Week 6 Finalist

TITLE: Her Own Best Enemy
AUTHOR: Cynthia Justlin
CATEGORY: Romantic Suspense

Keith King looked about as approachable as a coiled timber rattler ready to strike—and that was with his back to her.

Grace Stevens would rather take her chances on a deadly rattler any day than confront the callous man who’d spent his teenage years humiliating her. Fourteen years later, and she still couldn’t forgive or forget.

She squeezed her eyes shut, the strong smell of antiseptic cleanser stinging her nostrils. He’d used her.

Well, now it was her turn. To find her son she’d take on the devil himself. In this case, the devil just happened to be Keith.

The security door of Monthan Rehabilitation Center’s recreation room slammed behind her, sending shivers up her spine. He’d make her beg. Asking wouldn’t be good enough. Not for the Keith she remembered.

A clap of thunder shook the high windows. Hard rain pelted the glass mercilessly announcing the onslaught of another Arizona monsoon. The tormented weather matched the wave of unease that roiled through herstomach.

What if Keith refused?

No, she wouldn’t think it. Wouldn’t allow it. He was her best hope of bringing Ryker home safe and sound.

Grace squared her shoulders and narrowed her gaze on Keith’s back. He sat alone at a circular table tucked in one corner. Around him primary-colored chairs were scattered at larger tables adding a splash of brightness to the otherwise sterile white atmosphere.

Why had he checked himself into such a dismal place?

Two nurses in white uniforms gave her questioning glances as they passed. She mustered up a smile for them and strode to Keith’s table.

Confident. Calm. Everything she wasn’t.

Her steps faltered and slowed to a stop when she came close enough to make out Keith’s rigid spine and the don’t-mess-with-me tendons that stretched taut in his neck as he bent over the table.

What did she say to him? Did she tell him how she knew him? Hi, Keith, remember me? Grace-less Cooper? The awkward girl you tormented, teased…destroyed?

“Keith…King?” Her voice cracked on his name. She grit her teeth and continued around the table until they were face to face.

He looked up from the deck of cards he was shuffling. His intense hazel eyes narrowed on her face. Cold. Calculating. Derisive.

A scar marred his left cheek, a half moon that bisected the hard plane of his jaw. He hadn’t had it as a teenager, she definitely would’ve remembered. Even the faintest lines of his young face had been branded in her memory.

His straw-colored hair had darkened since his youth and was much, much shorter, in the typical military style.
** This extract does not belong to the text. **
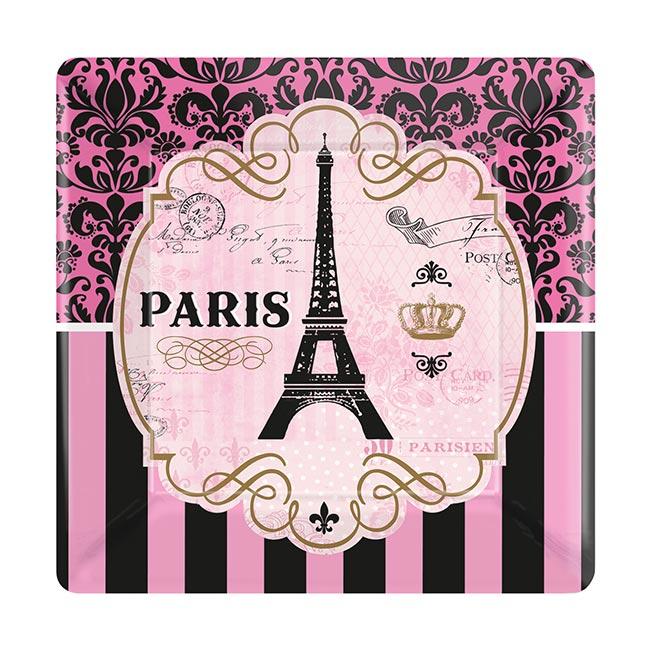 Les assiettes carrées en carton "La ville de l'amour" sont livrées par lot de huit et mesurent env. 26 x 26 cm. Au centre de chaque assiette se trouve une image de la Tour Eiffel, ainsi que plusieurs ornement de couleur dorée, noire et rose.

And the mouth that had once been the talk of teenage girls in two counties no longer appeared to have a hint of the sensuality it once possessed. In fact, the grim slash was void of any emotion at all.

Strangely enough, it only served to make his mouth sexier.

“Who’s asking?”

Until he opened it to speak, that is.

The rusty edge to his voice stirred a cocktail of nerves and anger through her. Damn him, he’d always had the ability to reduce her to a quivering mass of uncertainty.

Not this time.

She stiffened her spine and thrust out her hand. “Grace Stevens.”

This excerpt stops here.